On cleverness

Today, John Scalzi posted on his blog, “Whatever,” a profound statement:

The failure state of clever is “asshole.”

The older I get, the more often I use “clever” in a pejorative sense. When I was younger, and in love with the idea of being smarter than everybody else around me, I would often try to be clever for cleverness’ sake. As I aged, I started being clever as a shortcut to bypass some effort or process I felt was extraneous. Looking back on some of those works and projects now, I find myself thinking, more often than not, “What the hell was I thinking?”

Life lesson: Cleverness can bite you in your failure state. If you’re humble, you can talk yourself out of being clever and into being good. It’s a tough battle.

Categories: Life

Don’t quit, don’t die

The story, which I’m lazily not going to look up, goes something like this: An elderly couple celebrates their long-time anniversary. Let’s say 50th. When asked by a well-wisher, “What’s the secret to staying married for so long?”, the man replies, “Don’t quit, don’t die.”

Today’s post on Zen Habits, “The One Deadly Sin of Changing Habits”, talks about that. The one guaranteed way to fail in starting a new habit is to not do the habit.

We see this all the time at our Aikido dojo. Someone will start training with us, and after a remarkably brief period of time—a couple of months, or weeks—they’ve stopped coming. “Work has really gotten busy,” they’ll say, or in one memorable instance, “I’m just not getting better.”

The funny thing about mastery: everyone who keeps practicing gets better. Everyone. Some people may get better faster than others, but everyone increases their level of competence up to the level of their practice.

Want to get better at something? Don’t quit, and don’t die.

I like simple.

Categories: Aikido, Life

What do you choose?

After Joe Stack’s plane crash here in Austin–actually, let’s call it what it is: a murder/suicide, plain and simple–I come back to my usual refrain when faced with a tragedy like this.

What drives a person to these lengths?

What kind of pain would cause a person to consider this as the best option for dealing with it? Where in their thought processes does the switch from “I’ve had all I can take” to “I’m going to take everybody out” occur?

My working hypothesis is that it all comes down to the foundation upon which you’ve built your life. If you define yourself by your job, or by your income, or by your family, and that foundation is taken away for some reason, then the process of grieving and rebuilding has to start from a much lower place than someone who has a firmer foundation.

I’m passionately atheist, so the concept of a Higher Power appeals to me not at all. But the wisest words I have ever heard are the Serenity Prayer adopted by 12-step programs.

God, grant me the serenity
To accept the things I cannot change;
The courage to change the things that I can;
And the wisdom to know the difference.

There’s a fine line to walk between”I can’t change it, and I accept it,” and “I can’t change it, and I’m a victim.” Joe Stack crossed the line from accepting the things that cannot change to being victimized by those things. Then, when he’d had enough, he lashed out with horrific violence at the people he saw as victimizing him.

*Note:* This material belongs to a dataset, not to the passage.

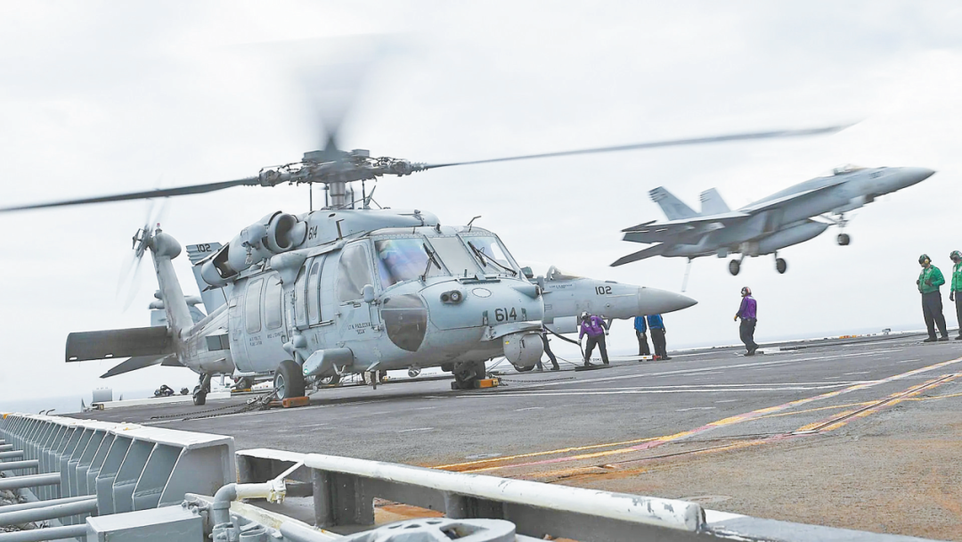 美国航母上搭载的“海鹰”直升机和“超级大黄蜂”战斗机
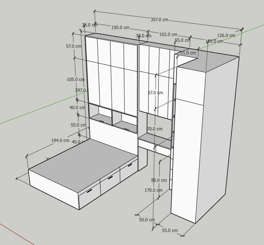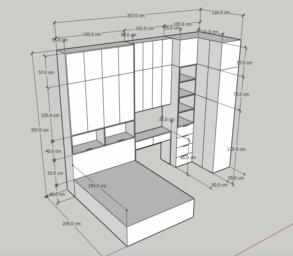 - 總深度估算:床長 229 cm + 牆後櫃體深約 55 cm ≈ 284 cm(= 2.84 m)

I don’t know the details of Stack’s situation beyond what he posted in his online rant. But let’s accept that absolutely everything in his rant is 100% factually accurate. Assume, for the sake of argument, that the government is corrupt, that the tax code revisions made it impossible for him to make his living, and that his accountant threw him under the bus during the audit. Now he is about to have everything taken away from him, and will have to start over yet again, with every chance of failing again. He may end up losing my wife and stepdaughter in the process.

Without changing any of those facts, consider these two perspectives:
My patience has run out and I have no control over my life anymore. The government is entrenched and powerful, and the only way I can affect my circumstances is to end them. Perhaps by ending them violently, I will be able to make the situation better for others.

Now, with exactly the same facts and pain, imagine intentionally adopting this perspective:
I have no control over my life. I have to accept that I may be in a car wreck tomorrow. I have no control over the weather, over other drivers, or over the people in the government who have stripped my livelihood away from me yet again to pad their own pockets. The only thing in this world that I control directly is my own reaction. I can choose to be angry, to be bitter, to live my life in fear, to end my life, or to end my life violently and take others with me. Or I can choose to live my life in the best way I can, continue to cultivate myself to be the best person I can be, despite the efforts of other people to suppress me.

Without diminishing the severity of the bad circumstances one iota, the second perspective allows a person to accept that they have the ultimate in control: They control their own reactions.

That’s an unimaginably powerful feeling. In the midst of pain and loss, I can face my own grief with the courage of knowing that I, and I alone, am responsible for the next words out of my mouth. Will they be virtuous or vitriolic? Hurtful or healing? Will they cause suffering, or ease it?

I can’t control how others react. I only control myself. And that is sufficient.

If Joe Stack had believed that, there would have been a lot less suffering this past week.